Jermaine Dye homered for the third straight game and Uribe added a two-run drive in the fifth to help struggling Chicago beat the Minnesota Twins 6-2 on Thursday.
“This kid will take the ugliest swing and the ugliest at-bat,” manager Ozzie Guillen said of Uribe. “We’ve seen that for four, five years. Sometimes you get upset and you scratch your head. You ask how this kid plays at the big league level and then all of a sudden a couple of days later, he’s unbelievable.
“I think the best thing he did today was when he broke up the double play.”

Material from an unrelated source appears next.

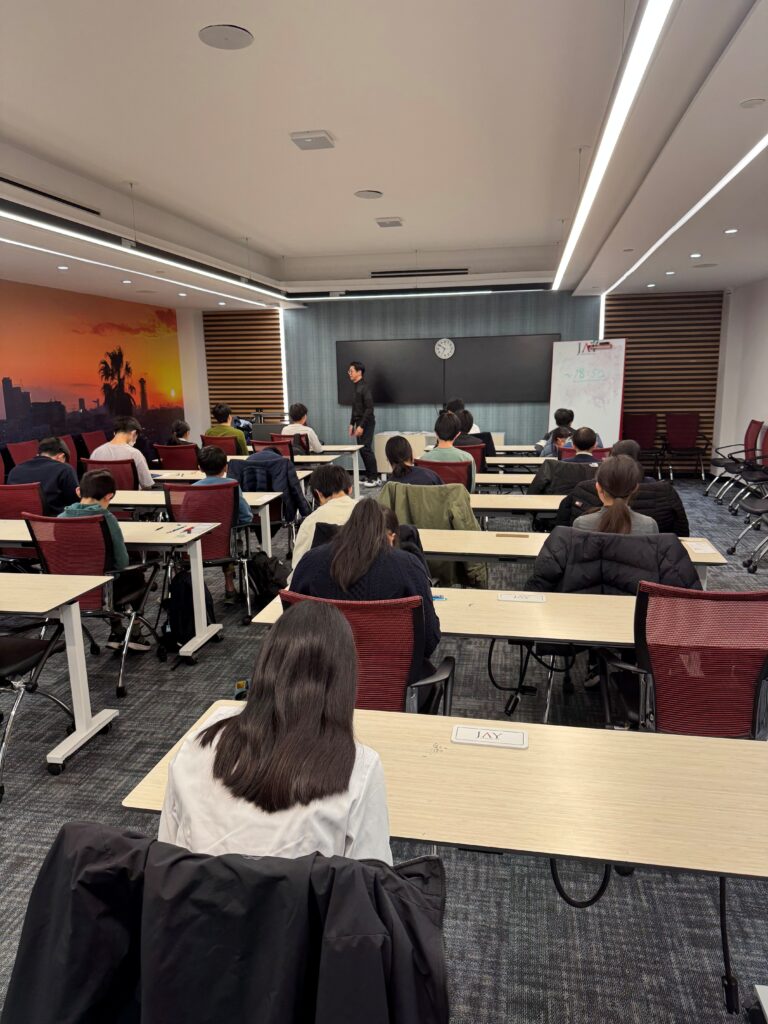 2日間にわたり開催された合同入試。今回の受験では、 全米はもちろん、さらにはメキシコやブラジルからも受験生が参加し、 時差の影響が少ない現地受験のメリットを実感できる場となりました。会場には 緊張感のある真剣な面持ちの受験生が集まり、受付から試験開始までスムーズに 進行しました。現地で受験できることで負担が少なく、受験生は集中して試験に臨まれていました。

Dye’s leadoff homer in the fifth cut Minnesota’s lead to 2-1. Joe Crede doubled with one out and Uribe, batting just .191 this season, went deep to put the White Sox in front.
Chicago tacked on one in the seventh and two in the eighth, highlighted by Uribe’s heady play on the basepaths.
With the bases loaded in the eighth, Toby Hall hit a grounder to third that looked like an inning-ending double play. But Uribe slid hard to take out second baseman Brendan Harris and prevent a relay to first as Dye scored from third to make it 5-2.
“I think it’s a good slide. I got to help my team” Uribe said.
“I was the first one to jump out of my seat,” Guillen said. “It’s something we are missing, not just the White Sox, but baseball. ... It was the way I grew up watching baseball, Don Baylor and all those guys sliding into second base trying to get you. Now you slide into second base and you get dirty and you are a bad guy.”
John Danks (3-3) made it through five innings, giving up six hits and two runs, and Chicago won for just the second time in nine games.
Twins starter Kevin Slowey (0-2), who came off the disabled list Wednesday (biceps strain) and made his first start since April 3, allowed three runs and four hits in five innings.
The Twins scored two in the fifth as Matt Tolbert and Mauer delivered two-out RBI singles.
Notes: Twins 2B Nick Punto was a late scratch because of a cramp in his left hamstring and was replaced by Brendan Harris. ... The White Sox, who were 0-6 on their last road trip before going 2-1 in their brief homestand with the Twins, now head out on a 10-game road trip to Seattle, Los Angeles and San Francisco. ... The double steal gave Thome his first stolen base since Sept. 25, 2002. ... Twins reliever Pat Neshek was removed in the eighth with a right elbow strain after throwing two pitches to Crede, the fourth batter he faced. “I felt something tweak and the trainers came out and we just wanted to play it safe. We wanted to make sure that nothing bad would happen,” Neshek said, adding he will be examined Friday. ... Chicago reliever Octavio Dotel allowed one hit in two innings and had five consecutive strikeouts.